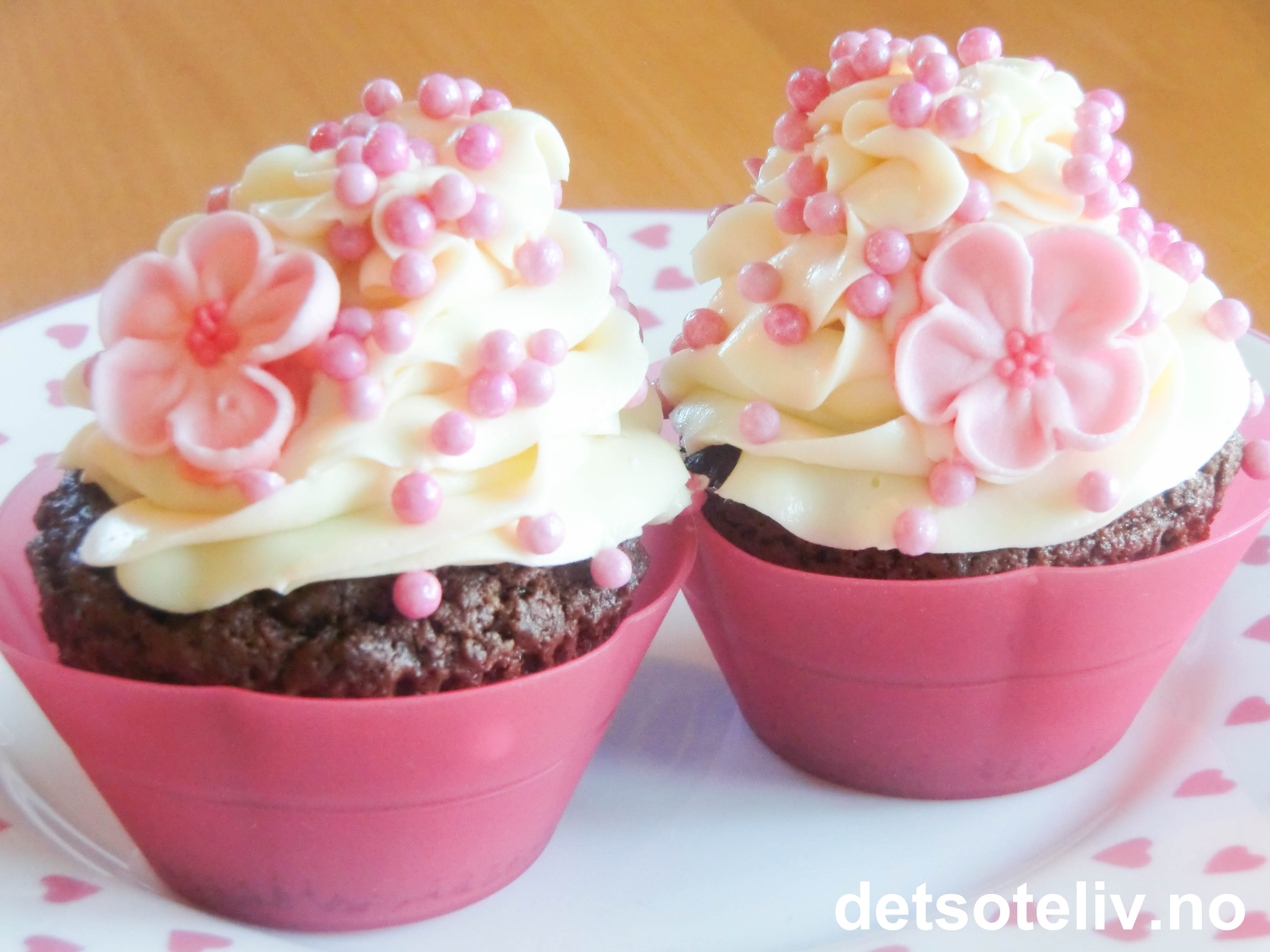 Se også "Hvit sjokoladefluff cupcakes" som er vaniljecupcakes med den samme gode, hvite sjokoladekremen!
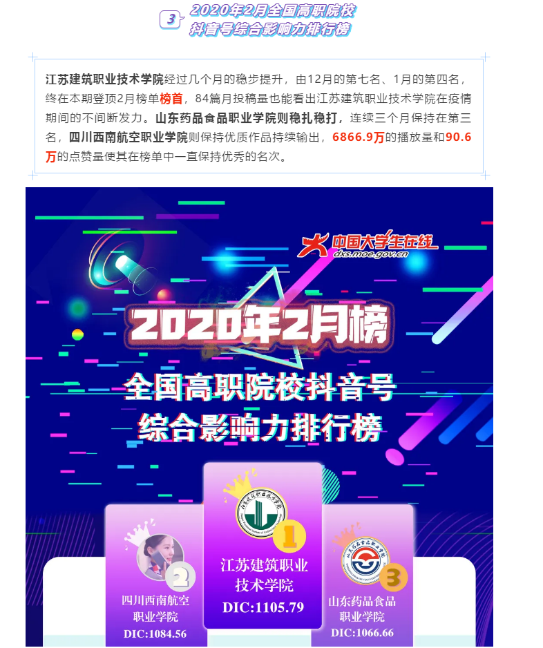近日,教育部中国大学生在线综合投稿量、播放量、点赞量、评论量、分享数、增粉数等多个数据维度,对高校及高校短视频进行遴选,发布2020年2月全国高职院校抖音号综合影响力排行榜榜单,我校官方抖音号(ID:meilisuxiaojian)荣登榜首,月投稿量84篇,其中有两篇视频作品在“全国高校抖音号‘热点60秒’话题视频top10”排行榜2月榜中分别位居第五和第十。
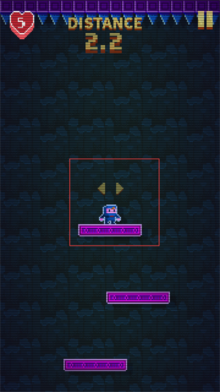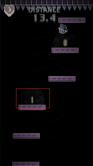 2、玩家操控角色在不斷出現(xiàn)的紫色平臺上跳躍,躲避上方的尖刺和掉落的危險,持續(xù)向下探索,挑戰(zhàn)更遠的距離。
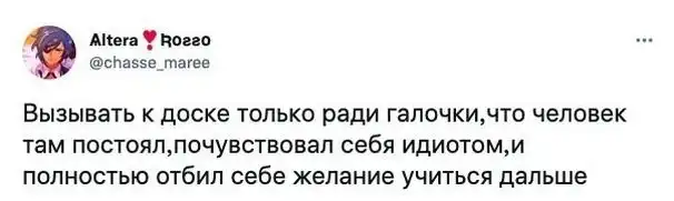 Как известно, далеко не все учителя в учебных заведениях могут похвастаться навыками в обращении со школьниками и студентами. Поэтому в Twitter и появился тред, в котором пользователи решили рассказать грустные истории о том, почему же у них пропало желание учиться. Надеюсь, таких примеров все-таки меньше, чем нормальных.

...

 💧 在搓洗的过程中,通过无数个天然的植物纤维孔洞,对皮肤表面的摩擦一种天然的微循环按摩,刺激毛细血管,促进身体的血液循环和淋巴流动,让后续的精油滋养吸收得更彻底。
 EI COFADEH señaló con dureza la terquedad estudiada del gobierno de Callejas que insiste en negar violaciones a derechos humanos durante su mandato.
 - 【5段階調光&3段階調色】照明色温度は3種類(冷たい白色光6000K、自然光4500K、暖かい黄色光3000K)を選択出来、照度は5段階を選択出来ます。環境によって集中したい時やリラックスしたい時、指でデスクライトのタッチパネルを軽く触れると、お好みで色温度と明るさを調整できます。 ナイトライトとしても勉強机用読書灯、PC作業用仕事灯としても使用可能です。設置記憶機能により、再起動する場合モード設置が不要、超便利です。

...

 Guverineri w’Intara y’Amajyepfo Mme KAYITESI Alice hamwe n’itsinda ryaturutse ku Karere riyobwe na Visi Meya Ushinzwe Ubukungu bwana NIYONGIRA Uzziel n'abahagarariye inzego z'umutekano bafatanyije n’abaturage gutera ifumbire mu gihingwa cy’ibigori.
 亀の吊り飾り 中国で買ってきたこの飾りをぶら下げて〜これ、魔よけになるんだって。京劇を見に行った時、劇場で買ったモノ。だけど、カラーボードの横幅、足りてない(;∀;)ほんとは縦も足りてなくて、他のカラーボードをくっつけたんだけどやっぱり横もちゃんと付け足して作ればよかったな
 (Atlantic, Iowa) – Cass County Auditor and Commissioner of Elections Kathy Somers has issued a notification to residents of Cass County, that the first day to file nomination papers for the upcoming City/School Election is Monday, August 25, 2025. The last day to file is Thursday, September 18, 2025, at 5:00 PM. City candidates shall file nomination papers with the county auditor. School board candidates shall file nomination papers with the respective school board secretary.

● Brief
Looking at the listing above, which lines run from the one containing "gode, hvite sjokoladekremen!" through the one containing "Как известно, далеко"? Print exactly those, ends included, pictures excluded.

● Written answer
 Se også "Hvit sjokoladefluff cupcakes" som er vaniljecupcakes med den samme gode, hvite sjokoladekremen!
近日,教育部中国大学生在线综合投稿量、播放量、点赞量、评论量、分享数、增粉数等多个数据维度,对高校及高校短视频进行遴选,发布2020年2月全国高职院校抖音号综合影响力排行榜榜单,我校官方抖音号(ID:meilisuxiaojian)荣登榜首,月投稿量84篇,其中有两篇视频作品在“全国高校抖音号‘热点60秒’话题视频top10”排行榜2月榜中分别位居第五和第十。
 2、玩家操控角色在不斷出現(xiàn)的紫色平臺上跳躍,躲避上方的尖刺和掉落的危險,持續(xù)向下探索,挑戰(zhàn)更遠的距離。
 Как известно, далеко не все учителя в учебных заведениях могут похвастаться навыками в обращении со школьниками и студентами. Поэтому в Twitter и появился тред, в котором пользователи решили рассказать грустные истории о том, почему же у них пропало желание учиться. Надеюсь, таких примеров все-таки меньше, чем нормальных.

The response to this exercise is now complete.